#### [YOUR INSTRUCTIONS]
In the records below, reproduce exactly the lines from the one containing "根據國家統計局數據顯示:20" through the one containing "Perfetta da abbinare", both included, and omit the pictures.

#### [INFORMATION]
━━━━━━

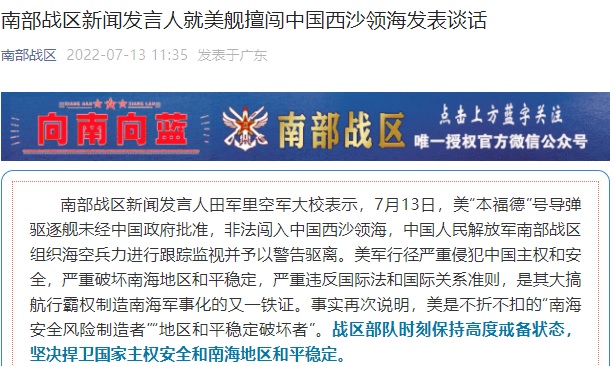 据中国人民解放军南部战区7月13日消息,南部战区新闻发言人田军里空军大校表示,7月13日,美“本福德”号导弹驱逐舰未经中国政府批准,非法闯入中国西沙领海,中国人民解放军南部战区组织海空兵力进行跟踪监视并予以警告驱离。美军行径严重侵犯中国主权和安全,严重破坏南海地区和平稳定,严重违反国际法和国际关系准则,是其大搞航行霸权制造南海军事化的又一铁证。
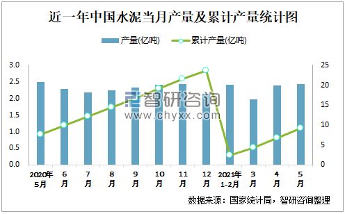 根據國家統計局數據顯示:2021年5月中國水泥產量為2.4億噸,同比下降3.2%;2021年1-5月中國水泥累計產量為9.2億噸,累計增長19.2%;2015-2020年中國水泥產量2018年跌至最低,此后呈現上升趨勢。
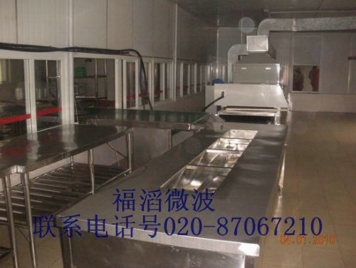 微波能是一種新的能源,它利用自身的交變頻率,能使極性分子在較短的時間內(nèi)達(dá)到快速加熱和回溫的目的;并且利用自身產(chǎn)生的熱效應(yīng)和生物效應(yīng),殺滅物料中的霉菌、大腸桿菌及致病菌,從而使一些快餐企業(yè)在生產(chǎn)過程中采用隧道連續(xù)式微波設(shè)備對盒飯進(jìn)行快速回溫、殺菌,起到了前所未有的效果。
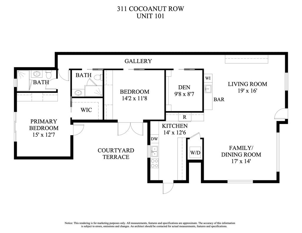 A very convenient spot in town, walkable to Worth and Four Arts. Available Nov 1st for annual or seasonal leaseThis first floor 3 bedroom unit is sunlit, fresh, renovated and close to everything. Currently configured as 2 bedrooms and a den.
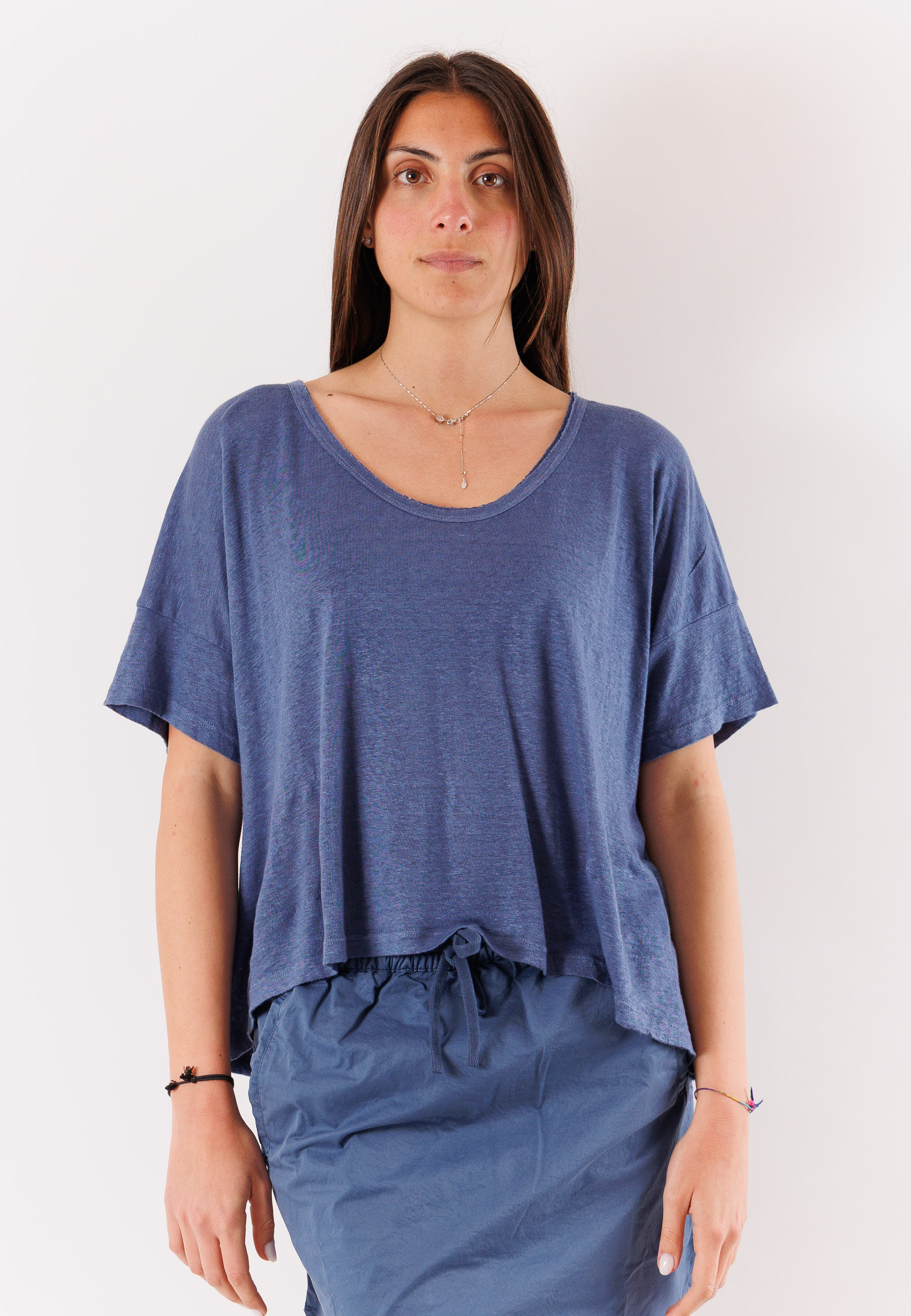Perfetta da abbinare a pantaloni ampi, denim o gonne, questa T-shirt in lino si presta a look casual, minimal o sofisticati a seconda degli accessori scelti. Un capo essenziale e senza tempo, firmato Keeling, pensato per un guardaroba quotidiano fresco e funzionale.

━━━━━━

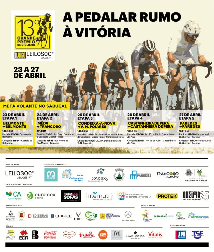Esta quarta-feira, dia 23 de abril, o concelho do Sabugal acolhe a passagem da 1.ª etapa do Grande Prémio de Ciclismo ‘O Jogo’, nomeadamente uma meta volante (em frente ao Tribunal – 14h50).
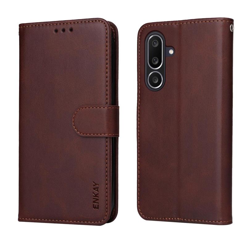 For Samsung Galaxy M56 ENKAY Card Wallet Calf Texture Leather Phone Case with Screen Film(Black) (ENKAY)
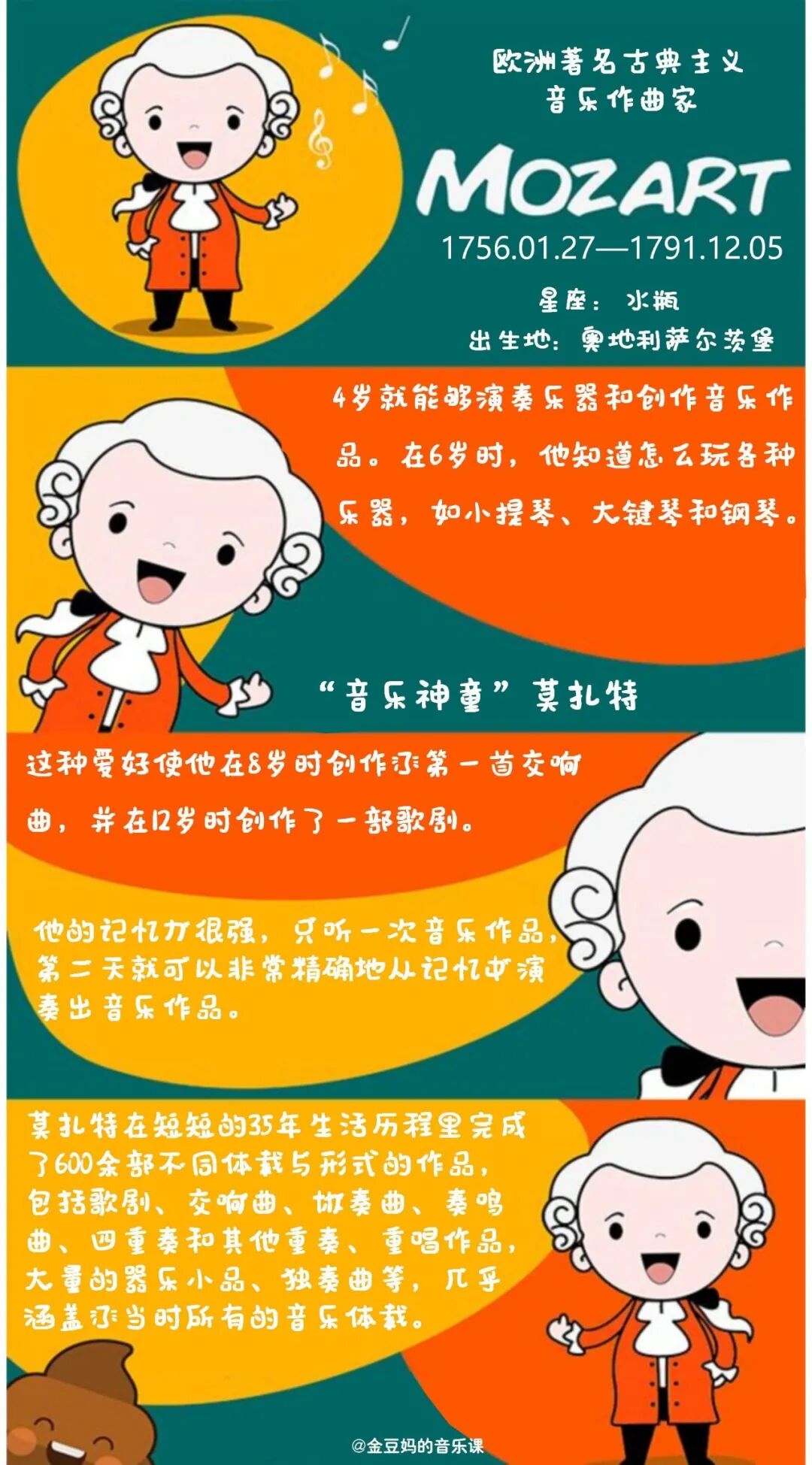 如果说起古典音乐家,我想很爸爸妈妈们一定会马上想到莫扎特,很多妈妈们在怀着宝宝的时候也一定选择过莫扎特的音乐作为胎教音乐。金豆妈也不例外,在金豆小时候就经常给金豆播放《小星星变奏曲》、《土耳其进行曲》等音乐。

━━━━━━

#### [YOUR SOLUTION]
 根據國家統計局數據顯示:2021年5月中國水泥產量為2.4億噸,同比下降3.2%;2021年1-5月中國水泥累計產量為9.2億噸,累計增長19.2%;2015-2020年中國水泥產量2018年跌至最低,此后呈現上升趨勢。
 微波能是一種新的能源,它利用自身的交變頻率,能使極性分子在較短的時間內(nèi)達(dá)到快速加熱和回溫的目的;并且利用自身產(chǎn)生的熱效應(yīng)和生物效應(yīng),殺滅物料中的霉菌、大腸桿菌及致病菌,從而使一些快餐企業(yè)在生產(chǎn)過程中采用隧道連續(xù)式微波設(shè)備對盒飯進(jìn)行快速回溫、殺菌,起到了前所未有的效果。
 A very convenient spot in town, walkable to Worth and Four Arts. Available Nov 1st for annual or seasonal leaseThis first floor 3 bedroom unit is sunlit, fresh, renovated and close to everything. Currently configured as 2 bedrooms and a den.
Perfetta da abbinare a pantaloni ampi, denim o gonne, questa T-shirt in lino si presta a look casual, minimal o sofisticati a seconda degli accessori scelti. Un capo essenziale e senza tempo, firmato Keeling, pensato per un guardaroba quotidiano fresco e funzionale.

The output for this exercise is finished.